Breton queen and saint

Saint Pompeia (in Latin: Alma Pompeia or in Breton: Koupaia), also known as Aspasia, is a legendary Breton saint who supposedly lived in the 6th century. Her feast day is celebrated on 2 January.

== Legendary biography ==
According to the life of her son, Tudwal, Pompeia was the sister of King Riwal II of Domnonée. Tradition at Langoat further asserts that she became one of the wives of the King Hoel Mawr (or the Great) of Cournaille and Over-King Brittany. After being exiled in Britain for some years, Pompeia eventually returned to her husband's kingdom with her daughter, Saint Scaeva, and her son, Saint Tudwal. She settled near the monastery of Tréguier, founded by the latter, and died where the church of Langoat stands today. Her relics are still preserved there and a shrine has been erected to her memory.

==Family==
Saint Pompeia was the mother of:
- Saint Tudwal: one of the seven founding saints of Brittany
- Sainte Scaeva
- Saint Leonorus

==Breton legacy==
- Langoat: Saint Pompeia's Church in the shape of a Latin cross stands there.

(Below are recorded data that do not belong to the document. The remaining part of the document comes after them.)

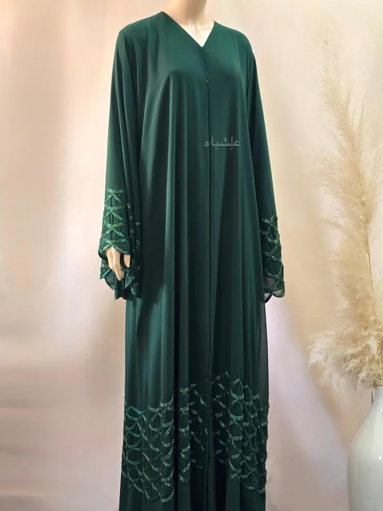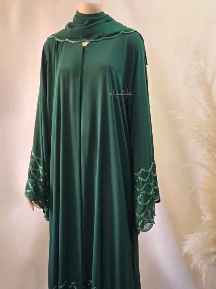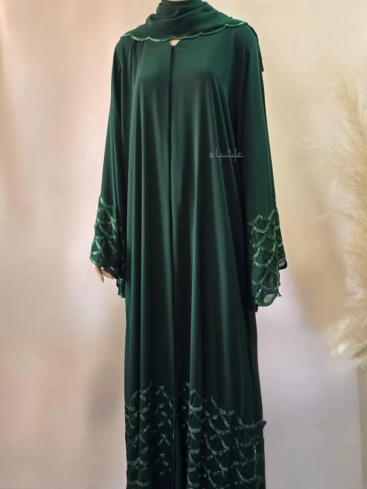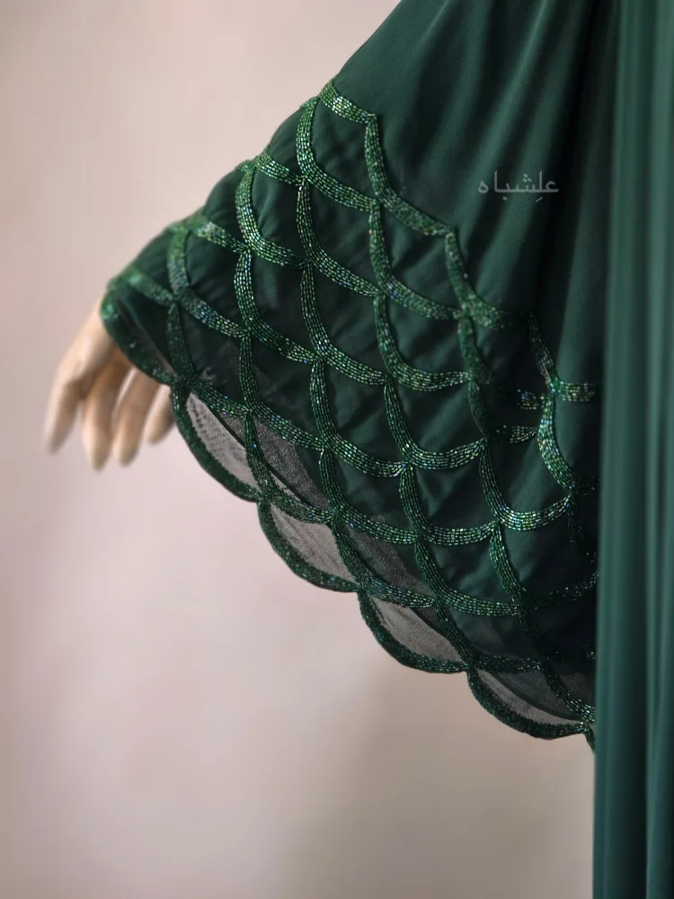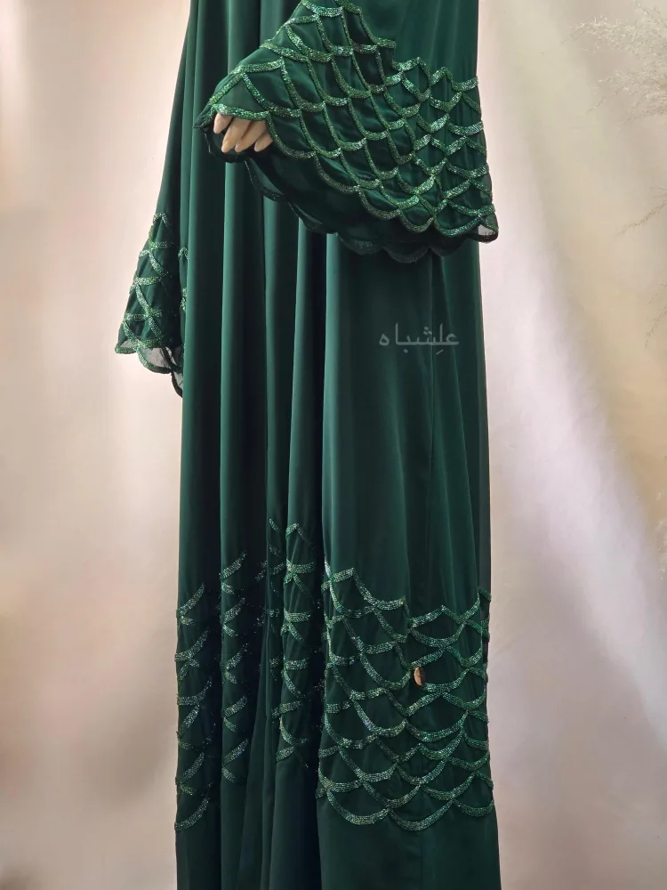 What makes this abaya different is the hand-finished scallop detailing. Each edge is treated with care. The shimmer added to these lines creates subtle highlights that move with light and motion. It’s a mark of time and effortโnot machine-made, not rushed.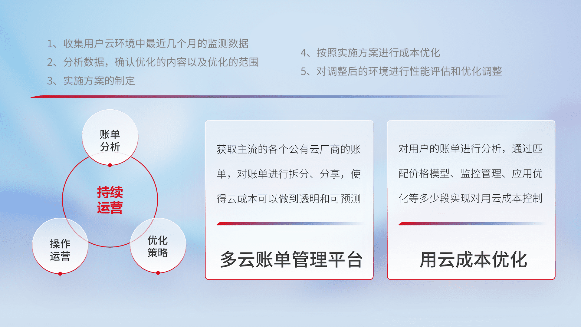 通过多云纳管,,,以统一的资源数据模型把客户的云资源进行抽象和封装,,进而实现对多云资源的统一操作,,保障云资源管理的可靠性、、稳定性与可用性。。量身定制化运维内容,,配置、、、、开发运维、、、、补丁管理、、、备份、、监控、、、、认证和访问管理、、、审计和日常巡检等,,,,保障在用云过程中的可靠度,,,,稳定度以及高可用率。。
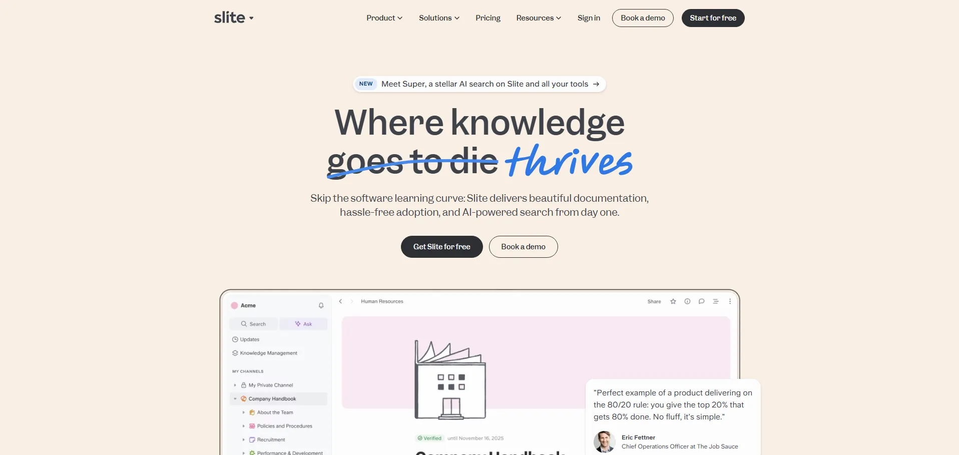 Slite es una plataforma de base de conocimiento potenciada por IA diseñada para centralizar y gestionar la documentación de equipos. Permite crear guías de incorporación, notas de reuniones y manuales internos con respuestas instantáneas y fiables, recomendaciones personalizadas y organización escalable. Con integraciones directas con Slack, Zapier y otras herramientas, Slite simplifica el acceso a la información y mantiene la documentación siempre actualizada en un único espacio colaborativo.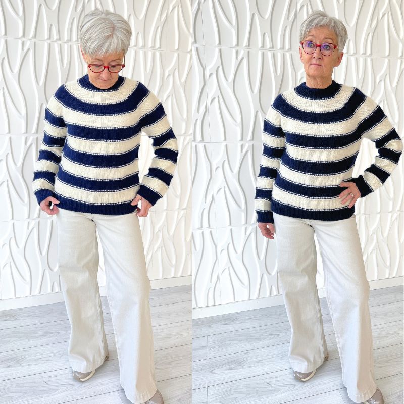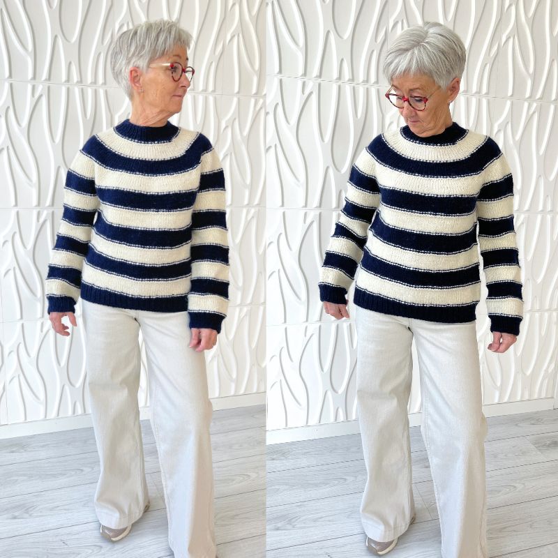 Easy Stripe Jumper fra NORDIC KNIT HOUSE strikkes oppefra og ned i Fritidsgarn fra Sandnes Garn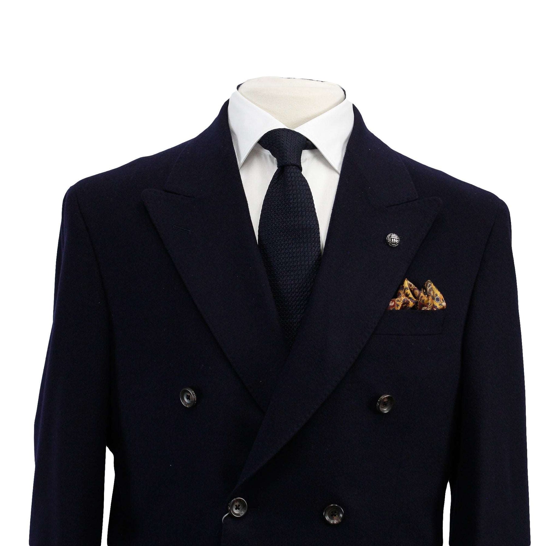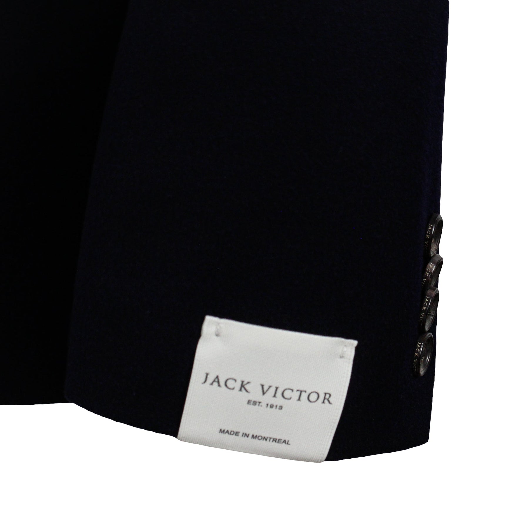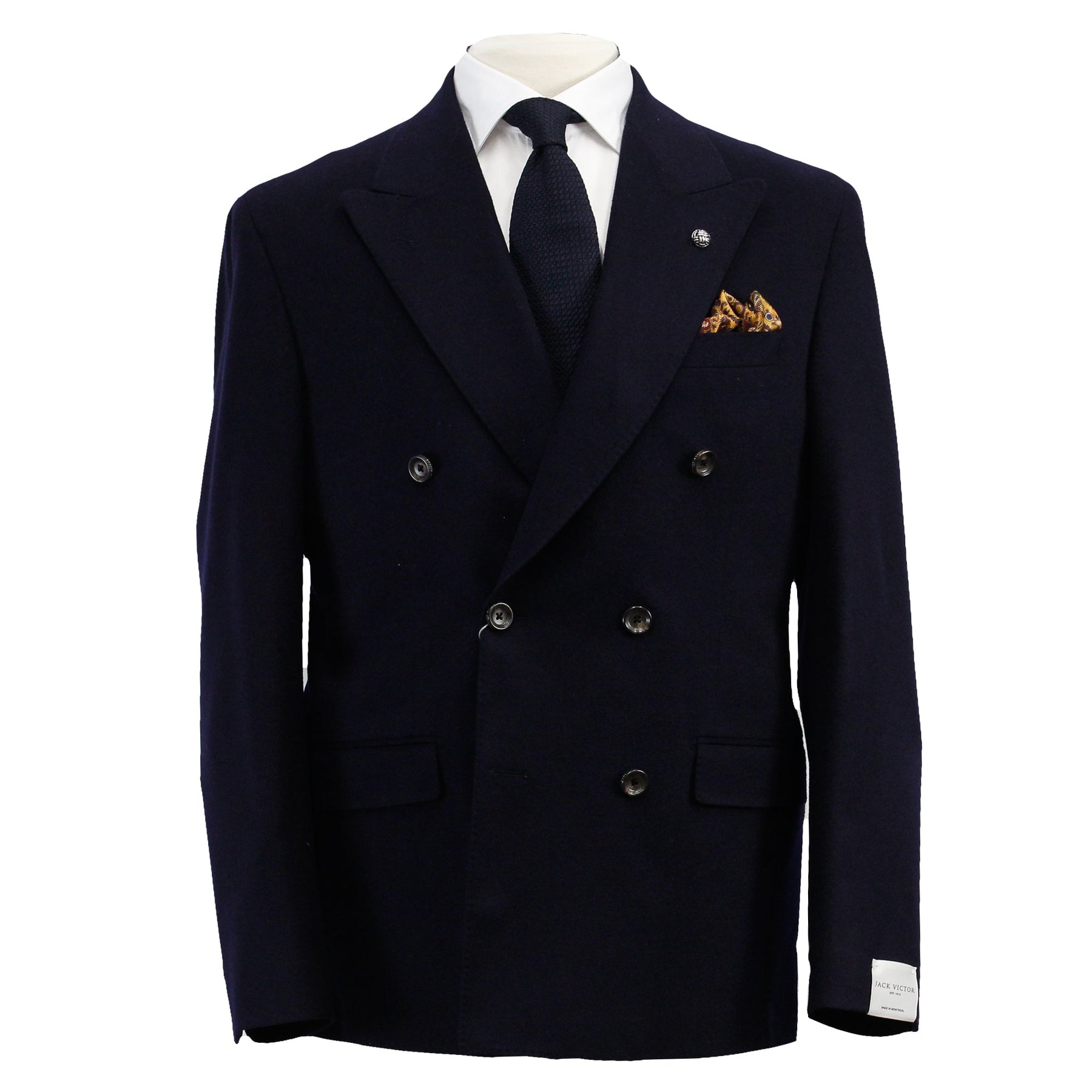 Introducing the Navy Blue Double Breasted Anniversary Blazer Jacket by Jack Victor, a testament to refined style and versatility. Handcrafted in Montreal, this contemporary fit jacket features a very soft shoulder construction, offering both comfort and a contemporary silhouette.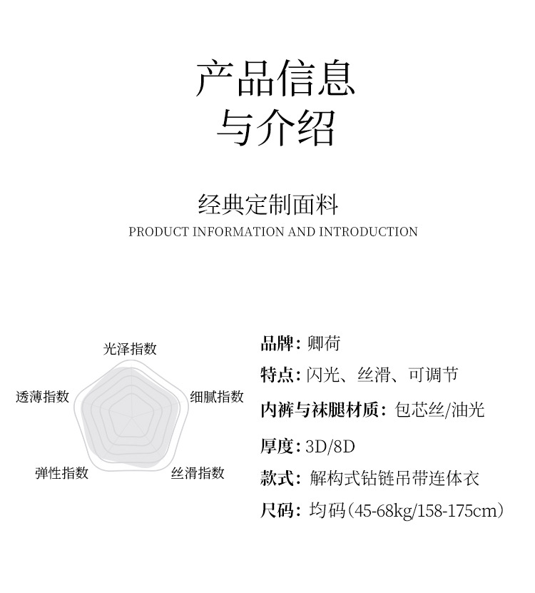 Qing He "다이아몬드 체인" 섹시한 슬링 원피스 스타킹, 탈착식 반짝이는 얇은 감정 블랙 실크 속옷 세트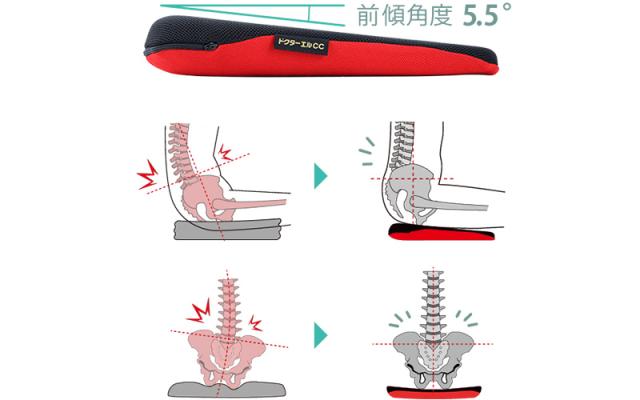 絶妙な硬さの素材に角度をつけることで自然に骨盤が立ち、姿勢が良くなります。それにより座っている時の腰への負担を軽減します。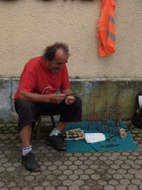 Ipak, ti su starinski štandovi manje ili više “atraktivni”, ali postojao je i jedan koji i nije bio štand, nego tek želja za prisustvovanjem, u svom minimalizmu i skromnosti, s tek rasprostrtom krpicom, pored drvenog tronožca, na kojoj je bilo izloženo nekoliko “proizvoda” u mini izvedbi.

Inside is the shrine said to be of Saint Pompeia and bas-relief panels recounting her legend.
- Sainte-Sève: Saint Scaeva's Church there contains a statue of Saint Pompeia; the name of the locality, Trébompé, probably stems from a corruption of the name Pompeia.
- Valley of the Saints: A statue of Saint Pompeia sculpted by P. Le Guen and P. Leost in blue granite from Lanhelin, was erected in 2012.
- Trézény: There is a stained glass window representing Saint Pompeia in the Saint Zény's Church.